En suma, estamos ante otro fracaso histórico de la izquierda o de los grupos que si titulan tales: Pedro Castillo encerrado en una prisión; Dina Boluarte, candidata a la vicepresidencia de la República por Perú Libre, entronizada en la presidencia por la derecha; Perú Libre y Juntos por el Perú dándole a la derecha los votos en el Congreso para vacar a Castillo y aprobar proyectos de ley lesivos a quienes votaron por ellos. La deslealtad enarbolada como bandera política.

Una mirada al futuro

Con este panorama de fondo, las multitudes provincianas que llegan a Lima a exigir que Dina Boluarte deje la presidencia, que haya elecciones inmediatas y que se convoque a una asamblea constituyente no encajan en las posibilidades legales y materiales para que suceda eso que piden. Si esas multitudes estuvieran inspiradas por una ideología y los correspondientes proyectos de reforma social, elaborados por intelectuales que conozcan a fondo la realidad social y sepan definirlos, el Perú estaría a las puertas de una revolución social. Pero no lo están. Si se supusiera que Dina Boluarte renunciara a la presidencia y hubiera elecciones ya ¿por quiénes votarían esas multitudes que protestan? Tendrían que votar por los partidos políticos inscritos, es decir por los mismos contra los cuales ellas protestan y por algunos otros resucitados por la oligarquía y el poder mediático, puesto que, excepto Perú Libre y Juntos por el Perú, las agrupaciones de la llamada izquierda carecen de inscripción y, por lo tanto, están fuera del juego. Es verosímil, además, que cada una de ellas nunca podría llegar a reunir las 28,000 firmas que se requieren para ser inscritas en el padrón de partidos políticos.

Con la exigencia de convocar a una asamblea constituyente sucede otro tanto. ¿Qué proyecto aprobarían los grupos de la llamada izquierda y algunos personajes espontáneos si fueran elegidos para integrarla? ¿Lo redactarían ellos o los representantes de la derecha y del centro? Si los sectores populares quieren una nueva constitución lo primero que deben hacer es encargar la redacción del proyecto a los profesionales que puedan hacerlo y tengan sus mismas inquietudes, y luchar por él.

En consecuencia es de prever que los grupos de la llamada izquierda continuarán su yerma vida como pequeños cenáculos o sectas o como ermitaños, rivalizando unos con otros, y odiándose por considerar a los otros apóstatas.

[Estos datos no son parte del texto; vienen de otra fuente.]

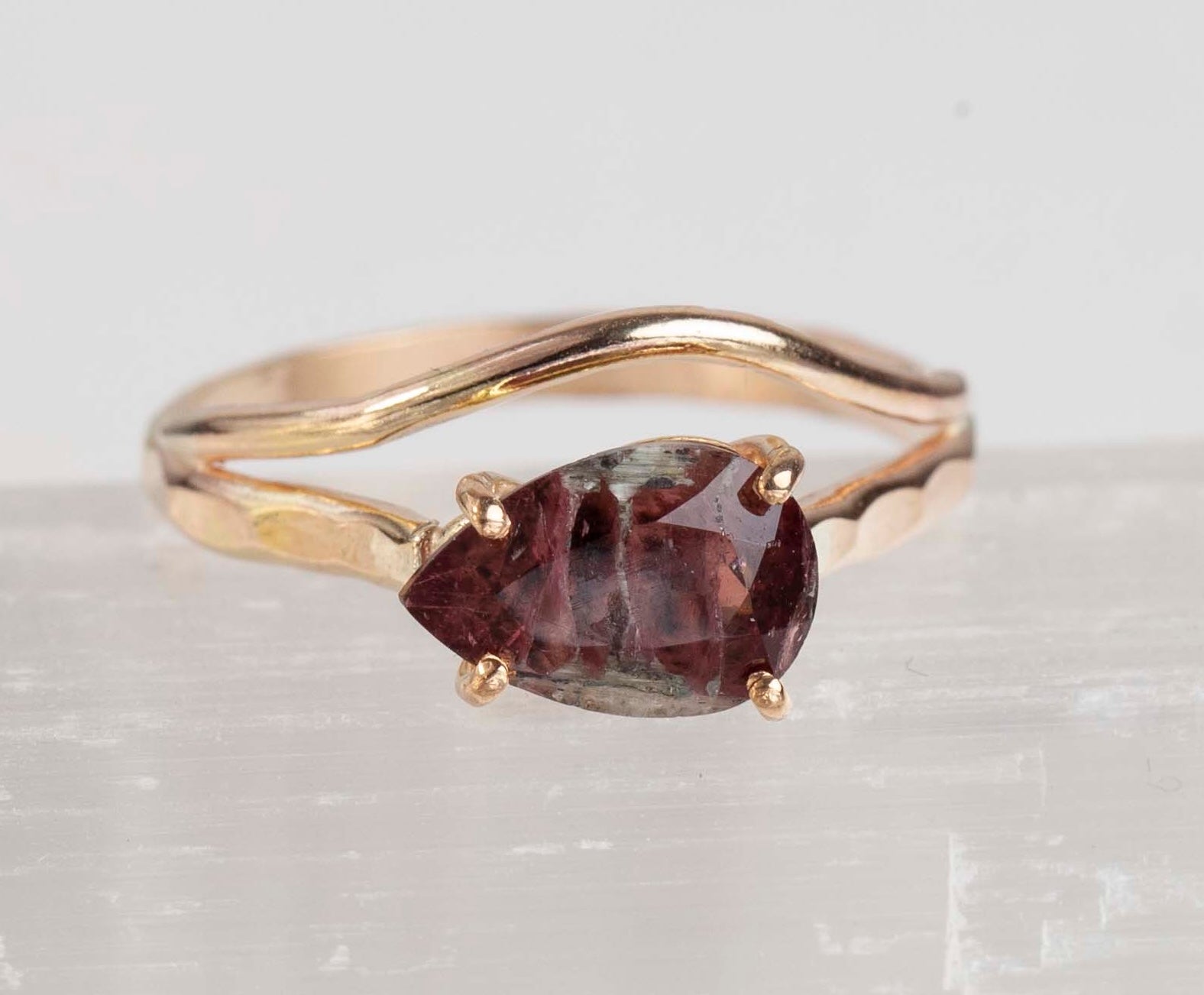 Zebra Tourmaline Hammered Half-round with Curve Ring
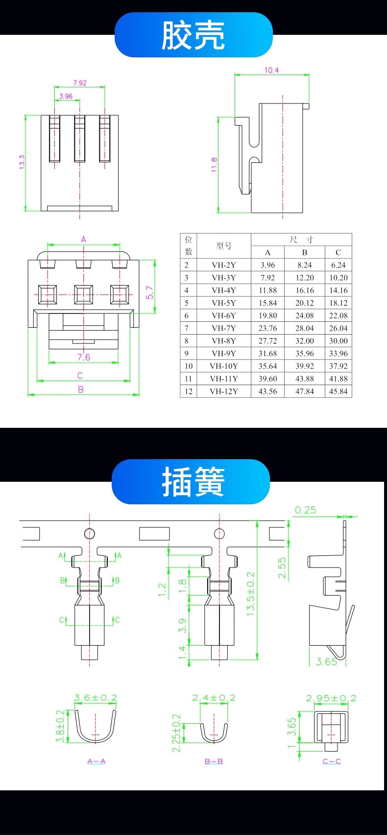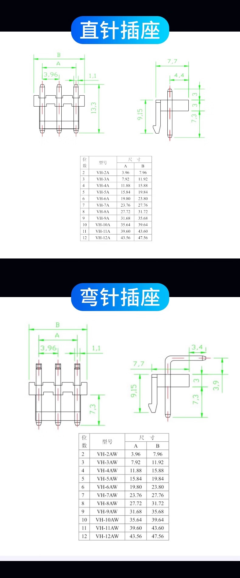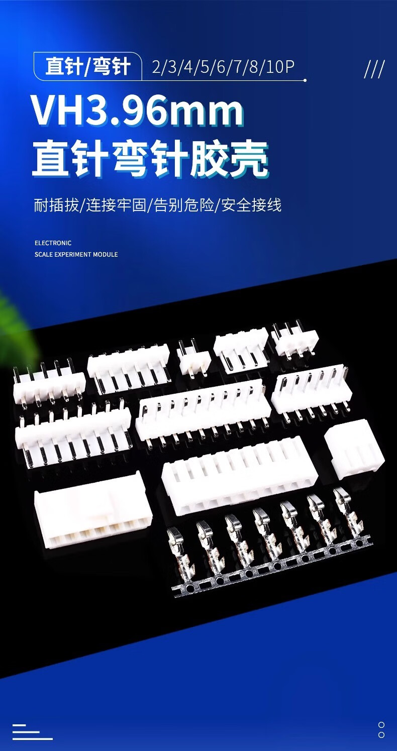 VH straight needle curved needle rubber shell 3.96mm pitch 2/3/4/5/6/7/8/10P female plug socket connector VH3.96mm (100 pieces)

Ante esta perspectiva, parece obvio que las clases trabajadoras, los profesionales y los intelectuales, si quieren mejores servicios públicos, una redistribución equitativa de la riqueza social y las oportunidades de promoverse socialmente, tendrían que resetear su ámbito político, hallar una ideología de la que dimanen los proyectos de reforma que hagan posible esos cambios, organizarse con confianza y disciplina en un nuevo movimiento político y promover la formación de los cuadros que los dirijan.